De nuevo tumbamos a la prostitución en el diván para buscarle una salida definitiva cuando la única posible –al igual que la esclavitud– es su abolición. Por desgracia, el debate regresa cada cuatro temporadas –como los pantalones de campana– para luego devolverlo al sótano o al burdel o al parque o al arcén, donde mandan los proxenetas, que tienen las ideas más claras que la mayoría de la clase política. Ni legal ni ilegal, en el limbo, condenada a la indignidad y el desamparo, a la violencia y explotación. ¿Una profesión? ¿Quién desea que su hija sea puta? Pero en el disco duro común permanecen sintagmas escalofriantes: “Mujeres de vida alegre”. Recuerdo cómo me impresionó el relato de una exprostituta de Sevilla al confesarme que nunca dormía seguido. Para ella no existía la fase REM, ejercía a demanda, siempre dispuesta, siempre obligada, con el rímel corrido y una tristeza mecánica.
Porque en el acto de posesión de una mujer a la que no se seduce sino que se compra anida una violencia pasiva: “Ahora me perteneces y puedo disponer de ti como quiera”. El grueso de mujeres que venden su cuerpo son prisioneras. Secuestros y violencia, drogas para aguantar, deudas eternas… Y los dividendos de las mafias vuelan al paraíso fiscal gracias a sus cuerpos entumecidos.

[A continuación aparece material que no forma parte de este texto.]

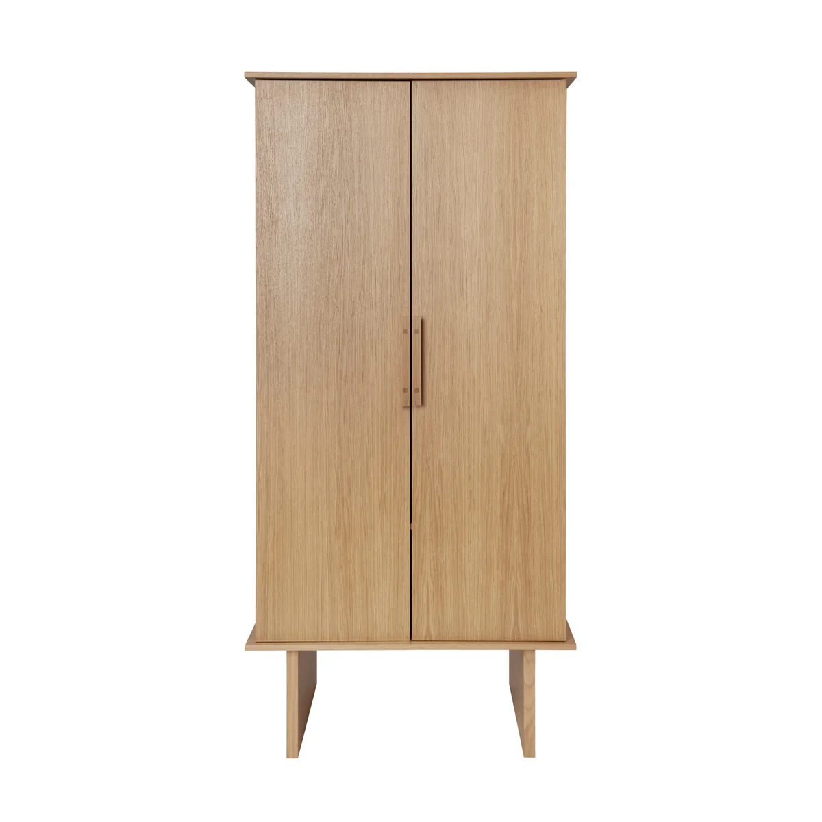 Der Stilt Kleiderschrank von Ferm Living vereint skulpturale Präsenz mit alltagstauglicher Ordnung. Inspiriert von architektonischen Säulen steht er auf hohen, schlanken Beinen und wirkt dadurch leicht und aufgeräumt – selbst bei grosszügigem Stauraum. Klare Linien und markante Griffe unterstreichen das reduzierte Design, das sich mühelos in Schlaf- oder Ankleidezimmer, aber auch in Flure integriert. Durchdacht bis ins Detail und für einen einfachen Aufbau flach verpackt, verbindet Stilt Form, Funktion und Wohnlichkeit.

Los políticos españoles no se aclaran. Tienen ante sí dos modelos: el alemán, que legaliza la prostitución y pone una pulsera al cliente para que, en el lupanar, deglute frankfurt con teta –y de paso aumente la trata–, y el escandinavo, abolicionista, que penaliza al cliente y reduce el tráfico de mujeres en situación de prostitución. Mientras aquí se sigue debatiendo, esas vidas que tan peligrosamente han romantizado el cine y la literatura están descosidas de derechos y sobrecargadas de desprecios. Pero, sobre todo, quedan a merced de un repulsivo escepticismo que pospone una y otra vez su libertad.
Artículo publicado en La Vanguardia el 1 de noviembre de 2021.